What is the universal property of ‘unfoldN’?
Presumably, it’s
h = unfoldN p f
iff
h x = if p x
then Zero
else Succ (h (f x))
for all h ∷ α → Nat.
For the fusion law, we expect it to be similar to that for list unfold:
(unfoldN p f) ∘ g = unfoldN p' f'
With the universal property, we have
(unfoldN p f) ∘ g = unfoldN p' f'
iff
((unfoldN p f) ∘ g) x = if p' x
then Zero
else Succ (((unfoldN p f) ∘ g) (f x))
Given p' x = True, we (try to) reason:
((unfoldN p f) ∘ g) x = Zero
≡ { application, unfoldN.1 }
if p (g x) then Zero else ... = Zero
Defining p (g x) ⇒ p' x gives us a solution here.
In the case p' x = False, we have:
((unfoldN p f) ∘ g) x = Succ (((unfoldN p f) ∘ g) (f' x))
≡ { application, unfoldN.1 }
if p (g x) then Zero else Succ (unfoldn p f (f (g x)))
= Succ (((unfoldN p f) ∘ g) (f' x))
≡ { application }
if p (g x) then Zero else Succ (unfoldN p f (f (g x)))
= Succ (unfoldN p f (g (f' x)))
≡ { define: p' x = False ⇒ p (g x) = False }
Succ (unfoldN p f (f (g x))) = Succ (unfoldN p f (g (f' x)))

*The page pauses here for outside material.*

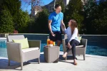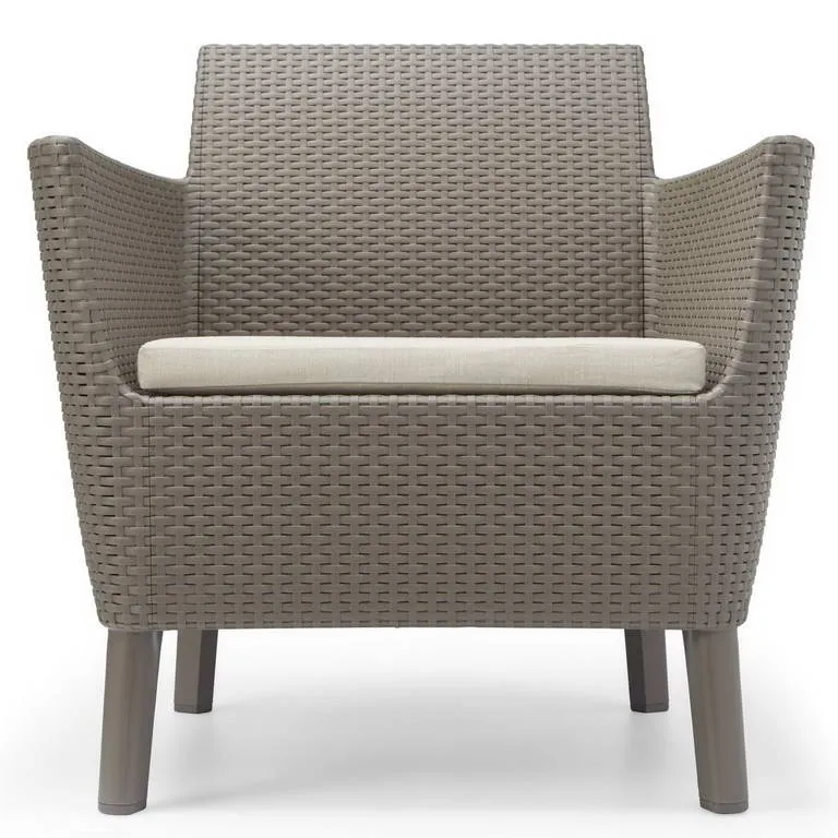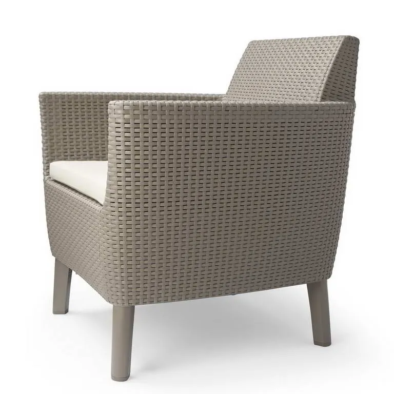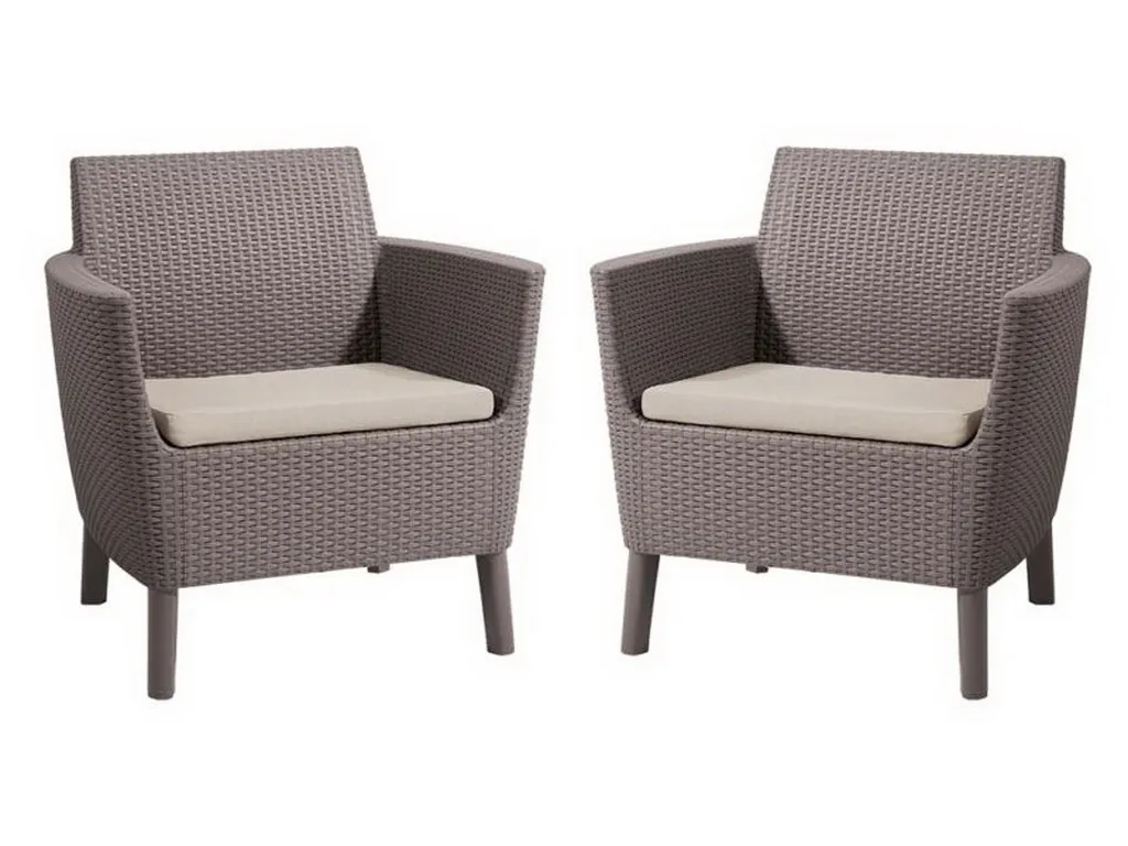 Korszerű, áramvonalas forma, komfortérzet és kiváló minőség. Mindezek a Salemo Duo előnyei. A szett két tágas fotelból áll, melyek a Salemo termékcsalád más bútoraihoz is tökéletesen passzolnak. A természetes nádfonást imitáló textúra növeli a termékek esztétikai értékét. A bútorok könnyen tisztíthatók, összeszerelésük egyszerű, ezenfelül ellenállnak az időjárás viszontagságainak.

≡ { unapplying Succ from both sides }
unfoldN p f (f (g x)) = unfoldN p f (g (f' x))
which gives us f ∘ g = g ∘ f'. From the constraints on p', we also define:
p' = p ∘ g
So
(unfoldN p f) ∘ g = unfoldN p' f'
holds if
(p' = p ∘ g) ∧ (f ∘ g = g ∘ f')
for all p, f, g, p', and f' of the appropriate types. This is quite similar to the fusion law for list unfold.